Para él también llegó esa hora…
Originalmente le entusiasmaba la falta de prejuicios con que el joven Darwin reparaba en lo divino y lo terrenal, conducta muy diferente a la solemnidad con que su tío recitaba pasajes de La Biblia ante él y sus primos, en las tardes de su primera infancia, en un frío suburbio de Boston. En contraste, ahora estaba en el entorno de otro océano, en el extremo diametralmente opuesto de las Américas. Y esas ideas brillaban en su imaginación como el sol en el firmamento de la costa central chilena, de un intenso color azul que no recordaba haber visto antes, prístino como lo era aún su alma.
Empero, al cabo de medio año a bordo del Beagle, esa soltura se había tornado puramente desconcertante para él. Comenzó a experimentar una sensación “similar a la que viene a continuación de la embriaguez, o de experimentar por primera vez un acto de alcance sexual”, para expresarlo como mismo Sigal me lo dijo, si bien se refería a una época en que él era virgen.

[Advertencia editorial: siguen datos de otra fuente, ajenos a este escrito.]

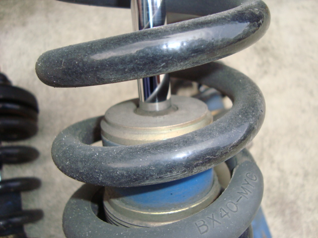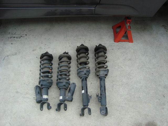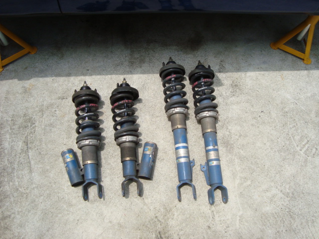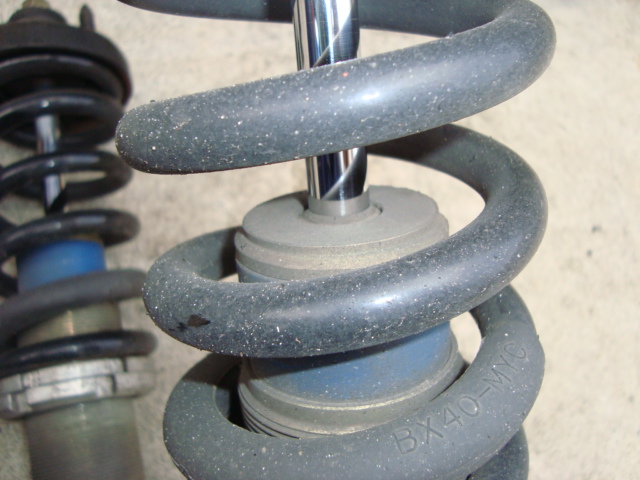取り外した車高調の右リアが抜けちゃってますよ。(涙) 漏れたオイルに砂埃が付いて真っ黒になってました。。。

El propio capitán FitzRoy parecía a veces escandalizado por las palabras de su más insigne tripulante. En cuanto al muchacho que era mi padre, eligió estar entre quienes profesan una fe sin cuestionamientos, casi mero temor y culpa. “Una estrategia de supervivencia tribal” habría dicho Darwin, que así llamaba a esa actitud.
A Sigal no le gustaba pasar mucho tiempo en las iglesias; no tenía paciencia para escuchar un sermón de cabo a rabo. A pesar de ello, y tras un lapso de alegre ateísmo, consideró que sería bastante más adecuado retomar un modo de pensamiento en armonía con la mayoría de la gente, aunque tuviera que compartir sus equivocaciones.
No quería —me explicó— “hacer el esfuerzo de redondear una verdad hasta tornarla acabada y brillante como una perla y, a resultas de tal empeño, terminar convertido en alguien solitario como una ostra”.
Poco después de alejarse espiritualmente del naturalista, es decir, cuando dejó de guiarse por su curiosidad propia, instintiva, sobrevino la separación física. En el puerto de Iquique FitzRoy le advirtió que la travesía continuaría rumbo a El Callao, y al Pacífico abierto después de abandonar Perú. Entonces prefirió quedarse en tierra.
Se había descubierto una gran mina de plata cerca de cierta villa chilena en el desierto de Atacama, y gente de todas partes iba allá a buscar fortuna. Según rumores que escuchaban en los puertos, en aquella zona las vetas del metal blanco brotaban por doquier. Y Sigal consideró que era una buena oportunidad. Así, de Iquique encaminó sus pasos hacia el sur, y arribó meses después a San Francisco de la Selva de Copiapó, nombre que le pareció engañoso, tratándose de un sitio donde crecían apenas algunos chañares y algarrobos.
Llegó a la villa por el tiempo en que Darwin visitaba las islas Galápagos, lugar este donde —al encontrar pájaros vampiros y otras criaturas, todas naturales— acumularía argumentos que más tarde lo llevaron a afirmar que la existencia de las especies vivas no se debe a que Dios las haya creado en el transcurso de menos de una semana.